Image-Based Sexual Assault: Ireland’s Answer - HARASSMENT, HARMFUL COMMUNICATIONS AND RELATED OFFENCES BILL 2017

Published on 26 November 2020 at 20:02

Spotlights shine on the Irish Government and the Dáil with calls for legislation surrounding harassment via digital and online communication. 

Despite being an issue raised and discussed within the Oireachtas as far back as 2017, the Victims Alliance’s discovery on November 17th of a discord server with over 500 users sharing sexual images of women and young girls without their consent has propelled it into the public discourse. 

 

What's revealed is a trend in Ireland’s response to various social issues, particularly those that affect women, hampered by slow political and legal developments, a lack of coverage by the media, and a sign that Irish society must now, more than ever, cease to ignore deep and systematic problems that impact historically marginalised groups.

 

The bill was introduced to the Dáil in 2017 after a Law Reform Commission report, Final Report on Harmful Communications and Digital Safety 21 September 2016, stated the need for reform in the law of digital communication.
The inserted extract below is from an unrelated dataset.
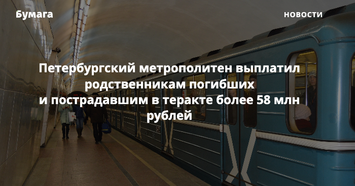 Петербургский метрополитен выплатил пострадавшим в теракте более 58 млн рублей

It made explicit reference to “revenge porn” and mentioned not only the psychological effect it has on victims, but that the mere threat of sharing such intimate images can be used to control the subject.

 

“The internet leaves individuals vulnerable to serious privacy violations through the non-consensual posting of private, false, humiliating, shameful or otherwise harmful content. Images uploaded online without consent can have similarly far-reaching effects, particularly where such images are of an intimate nature.”

 

Although the report acknowledged platforms such as Reddit and Discord as harbours of abuse, it emphasised on scrutinising social media sites (Instagram, Snapchat and Facebook) more due to their popularity. The report continues to discuss privacy as a right and relating it most to, fundamentally, the kind of privacy only shared with intimate partners, close friends and family. Congruently, it urges for the protection of this privacy, finding that it is necessary and conducive to the fundamental right of the person and to facilitate growth, identity, and autonomy of the individual. It cites Henchy J at page 71 of the seminal case for Norris v AG, on the topic of privacy, “a complex of rights, varying in nature, purpose and range, each necessarily a facet of the citizen’s core of individuality within the constitutional order.. fall within a secluded area of activity or non-activity which may be claimed as necessary for the expression of an individual personality”. 

 

It is worth noting that Senator David Norris, the appellant in this Supreme Court case, lost his constitutional challenge of Irish laws criminalising homosexuality, even in privacy. This decision was reversed by the European Court of Human Rights, a signal of Ireland’s lagging behind other European nations when it comes to protecting marginalised groups, and victims of societal and systemic exclusion, ridicule, and hate.

 

The report concluded with the primary advice of either repealing Section 10 of the Offences Against the Person Act 1997, or specifically mentioning digital abuse and harassment within the Act. Harassment “by any means” proved to be ineffective at adapting to contemporary issues of harassment in the digital age, given the lack of litigation on the matter. 

 

When examining the explanatory memorandum accompanying the bill for its introduction, the theme of “harmful communications” is most prevalent. It is apparent, the intention of then Deputy Howlin and those lobbying for it. This will guide how the law is to be read and interpreted during its preliminary stages in the Dáil. With recent events however, debates, discussions, and interpretations are likely to centre more around the impacts on victims of the offences outlined in the Bill, rather than the “harmful communications” in the Bill.

 

The 2017 Bill is, (as it currently stands) for the most part, pretty comprehensive in addressing these issues.  

 

Harassment has been defined in Section 3 as anyone who "persistently follows, watches, pesters or besets another person" or communicates "persistently" either with a person directly or to a third party about a person. The Bill also lays out several examples in which harassment could apply to, including, as laid out in Section 2: “(a) communication by spoken words, other audible means, behaviour, writing, sign or visible representation, and (b) the communication of information that is generated, processed, transmitted, received, recorded, stored or displayed by electronic means or in electronic form;”

 

This clearly covers the incident as discovered by the Victims Alliance on Discord.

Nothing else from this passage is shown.